Related to the An. darlingi metavirome variation according to geographic regions, previous studies have shown the presence of a species-specific virome in mosquitoes, where putative ISVs are consistently identified across different populations [65–68], even spanning continents [66,69,70]. This group of viruses is known as the core virome, although there is currently active debate surrounding this concept [71,72]. In this study, 40% of identified vOTUs were shared among An. darlingi populations from different subregions. Furthermore, some vOTUs were previously detected in an An. darlingi population along the Atrato River in Colombia (viral sequences published on NCBI repository); specifically, the Atrato Retro-like virus was present in all populations from the study regions, the Atrato Partiti-like virus 2 was detected in the Bajo Cauca region, and the Murindo virus was identified in the Chocoan Pacific region. These findings suggest that a portion of the An. darlingi metavirome is common to various populations covering a broad geographic range in Colombia, supporting the hypothesis of a stable species or population-specific virome for culicid species across various geographic scales [65–67,71,72].
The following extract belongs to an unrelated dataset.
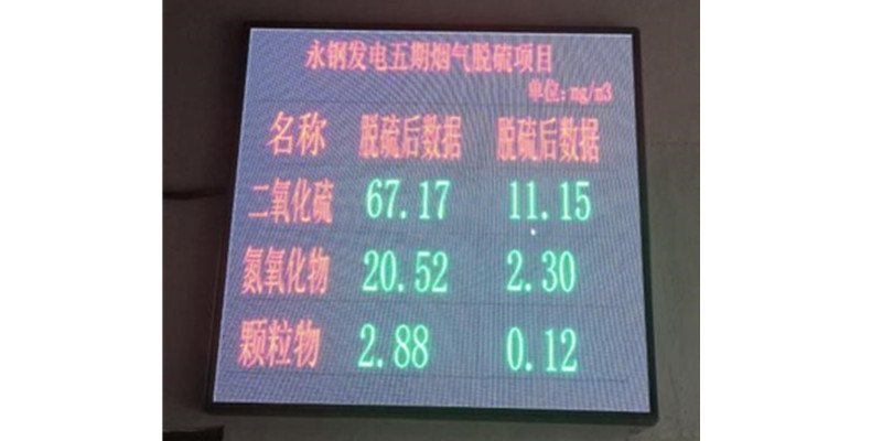 公司EPC總承包的聯(lián)峰鋼鐵有限公司電力廠5#煙氣脫硫項目自投運以來,通過對鍋爐煙氣脫硫前后參數(shù)的采集與對比,對脫硫劑小蘇打的噴吹量實現(xiàn)自動調(diào)節(jié),經(jīng)過一個月的調(diào)試,除塵器出口煙氣含塵顆粒物、SO2,氮氧化物的含量均低于國家超低排放行業(yè)標(biāo)準(zhǔn),達(dá)到公司承諾運行保證值,滿足性能考核要求。脫硫后的排放數(shù)據(jù)實時顯示到大屏,對外公布。
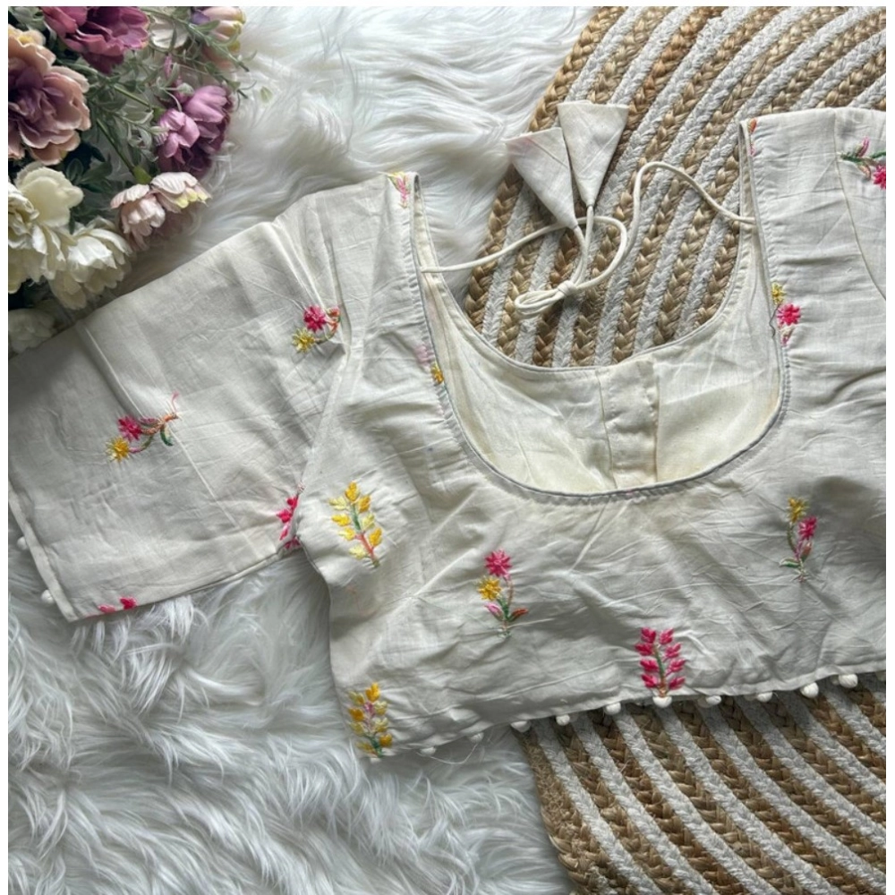 Women’s Khadi Cotton Embroidery Round Neck Short Sleeve Readymade Blouse

Although some viral sequences were shared among the An. darlingi natural populations, beta diversity analyses revealed statistically significant differences in metavirome structure. Read counts for each viral taxon and vOTU showed greater similarity within regions than between them. Percentage similarity analysis identified the Unclassified Ortervirales taxon and vOTUs of Anopheles darlingi Retro-like viru 1 and Atrato Retro-like virus as the principal contributors to dissimilarities among study populations. Except for the Amazonian populations, a greater proportion of reads were assigned to “Unclassified Ortervirales” group. Analyses also showed that the highest read counts were for vOTUs Atrato-Retro-like virus and Anopheles darlingi Retro-like virus 1; both belong to the Ortervirales order and were identified in all An. darlingi populations. Taxa with higher abundances often exhibit greater variances, contributing more significantly to group dissimilarities [73]. Consequently, the abundance of the Ortervirales component in its metavirome is responsible for the observed differences in viral sequence structure among Colombian An. darlingi natural populations. This virus order was also dominant on other insects species like Aedes, Culex and Chrysomelidae [64,74,75].
Amazonian An. darlingi populations exhibited lower viral sequence structure similarity than Bajo Cauca and Chocoan Pacific populations. Interestingly, the similarity between the latter two was higher. They are located in the Magdalena–Urabá and Chocó–Darién humid forest ecoregions, respectively [14], and are separated from the northwestern Amazonas (Negro–Branco humid forest ecoregion) by the Andean mountain range, which rises to an elevation of approximately 6000 meters above sea level [76]. Furthermore, the Bajo Cauca and Chocoan Pacific regions are divided by the Colombian western range, which extends towards the Colombian Caribbean coast in the Abibe mountain range, with elevations ranging from approximately 500–1000 meters above sea level [14,76]. Differences in viral community structure among An. darlingi populations and regions could be attributed to variation in ecological conditions, the existence of natural barriers separating populations and/or mosquito-local hosts interactions [77]. Accordingly, a recent study on Culex, Aedes, Anopheles and Armigeres mosquitoes revealed that environmental factors affect intraspecies virome variation. Additionally, mosquito interaction with nearby hosts significantly influences virome composition [78].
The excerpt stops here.